The Edict we have now has been reconstructed from various sources, mainly from juristic commentaries on it, such as that of Furius Anthianus. Because of its great importance, the Praetor's Edict, or portions of it, often became the subject of detailed examination and study, in the course of which the specific content of the Edict would be described or quotations would be made directly from it. Of course, much of the literature of the ancient world has been lost, the works of Roman jurists included. Those juristic works that do survive usually come from the latter, or classical, period of Roman Law. Accordingly, most of the Edict we have now is based on the content of the Edict revised in AD 129 by emperor Hadrian (see below). How much and in what fashion and degree this Edict of Hadrian's reign differs from the earlier Praetor's Edict of the Roman Republic are questions that may only be addressed by informed speculation.

==Formulary procedure==

An important aspect of the Praetor's Edict concerned formulary procedure. During the late Republic, the trial at civil law increasingly employed formulary procedure. In this process, the praetor first determines the legal issue in a pending case. Then the praetor decides on a prescriptive formula which instructs what remedy will be appropriate depending on what facts are found. Then the praetor assigns the case to a iudex for trial. After the facts are determined at trial, the iudex gives judgement according to the formula.

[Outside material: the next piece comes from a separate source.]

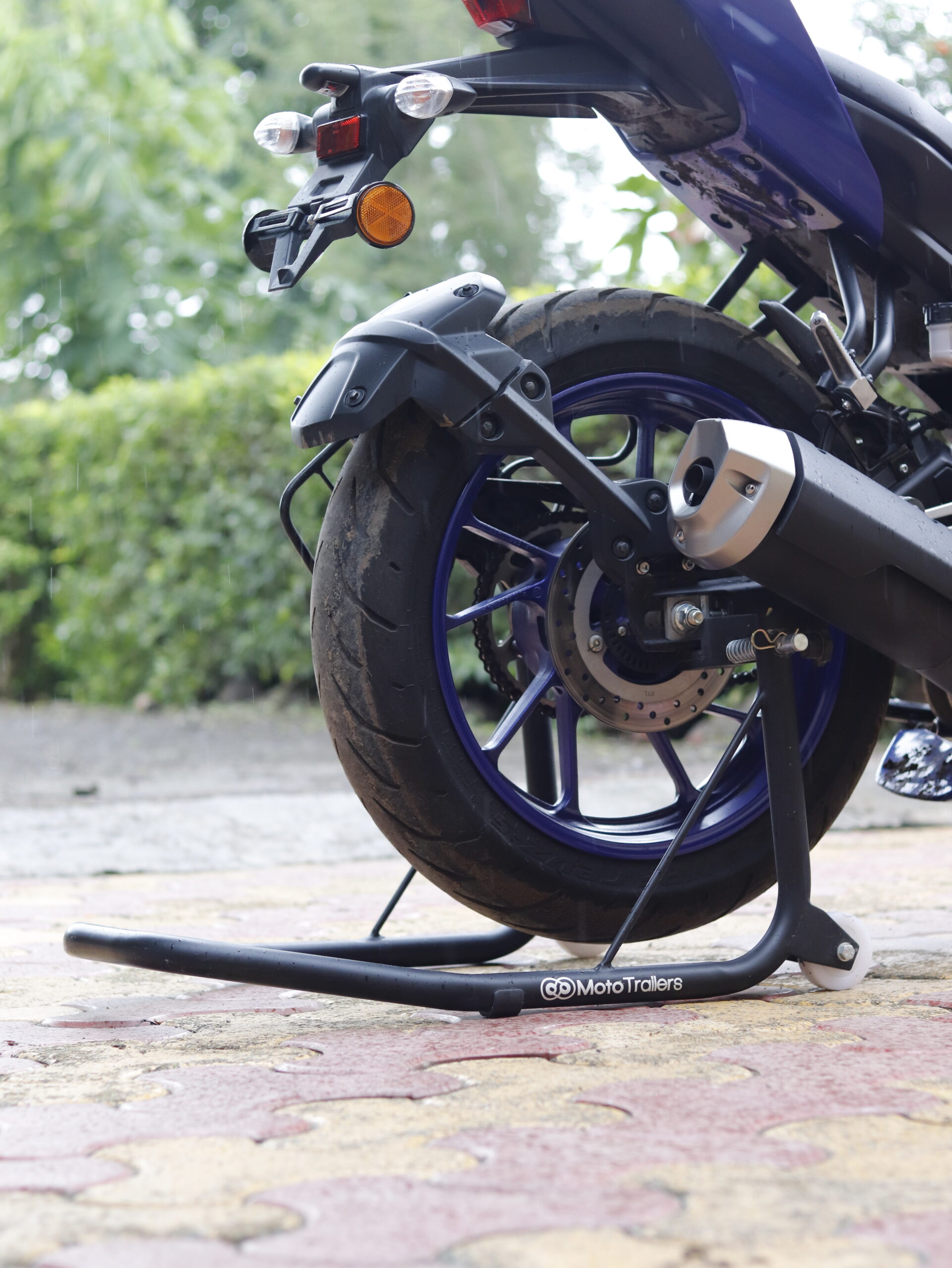- Effective: With Moto Trailers black Motorcycle Rear Paddock Stand, you will prevent dry rot or flat spots on your tires as well as prevent moisture damage from having your bike parked on concrete for long periods of time.

The Praetor's Edict contained many different principles of law, often drawing on prior legal rulings. Besides the trial formulas, it also regulated procedural matters, such as the initiation of a legal suit. In time, such sample formulae became listed by the praetor in his Edict issued at the beginning of his term of office.

==Influence==

As later summarized by the Roman jurist Papinian (c. 148–211), the law that was developed by the praetors in their Edict became an instrument which could supplement, explain, and improve the Ius civile. He writes:

"Praetorian law (jus praetorium) is that which in the public interest the praetors have introduced in aid or supplementation or correction of the jus civile. This is also called honorary law (jus honorarium), being so named for the high office (honos) of the praetor."

Thus, the Praetor's Edict developed into an important vehicle for the evolution of Roman civil law. A great deal of commentary was written by jurists concerning this "praetorian law" or ius honorarium, addressing the legal principles contained in this Edict.

==Edictum perpetuum==

Eventually, the above discretion allowed the praetor urbanus regarding his edict was no longer considered appropriate. Accordingly circa CE 129, action was taken that severely restricted its further modification. Under the emperor Hadrian (r. 117–138), the celebrated jurist Salvius Julianus made a formal revision to the Praetor's Edict as well as to similar edicts, e.g., that of the aediles. This newly edited and consolidated version of the edict then became fixed, subject only to changes approved by the emperor: hence, the Edictum perpetuum.